§ DATASET EXTRACT
• • • • •

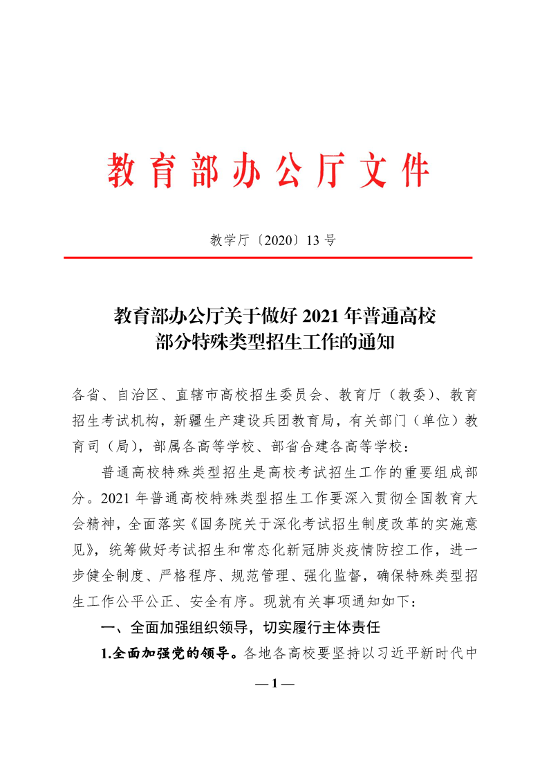 教育部办公厅关于做好2021年普通高等学校部分特殊类型招生工作的通知
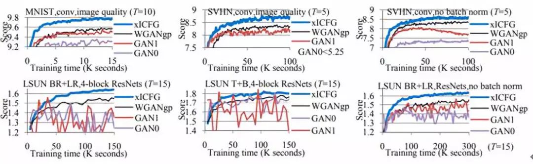 研究者进行了图像生成的实验,结果表明他们提出的新方法是有效的。下图给出了各种方法生成的图像的质量(inception 分数)随训练时间的变化情况。
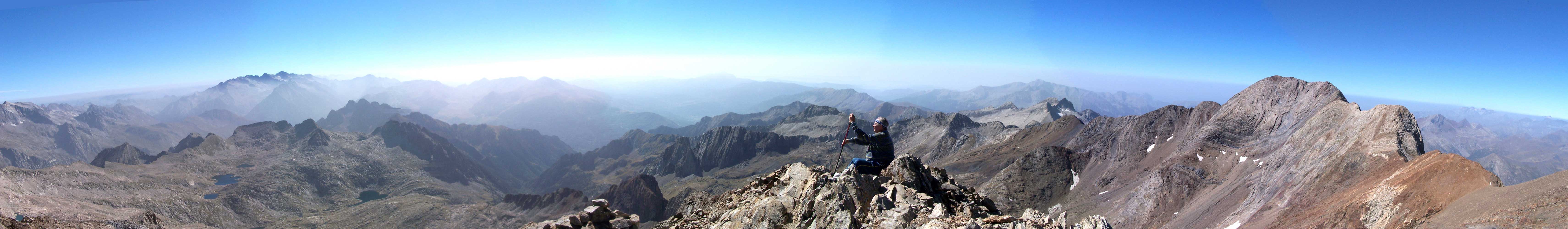 La vista de los Ibones bajo el Posets, de la Maladeta con el Aneto al fondo, de Ricardo afilando el bastón, y tras él el Espadas, desde la Cresta del Posets, a 3.308 m. |

• • • • •

§ TASK DESCRIPTION
Return the data word for word without its pictures.

§ EXERCISE RESPONSE
 教育部办公厅关于做好2021年普通高等学校部分特殊类型招生工作的通知
 研究者进行了图像生成的实验,结果表明他们提出的新方法是有效的。下图给出了各种方法生成的图像的质量(inception 分数)随训练时间的变化情况。
 La vista de los Ibones bajo el Posets, de la Maladeta con el Aneto al fondo, de Ricardo afilando el bastón, y tras él el Espadas, desde la Cresta del Posets, a 3.308 m. |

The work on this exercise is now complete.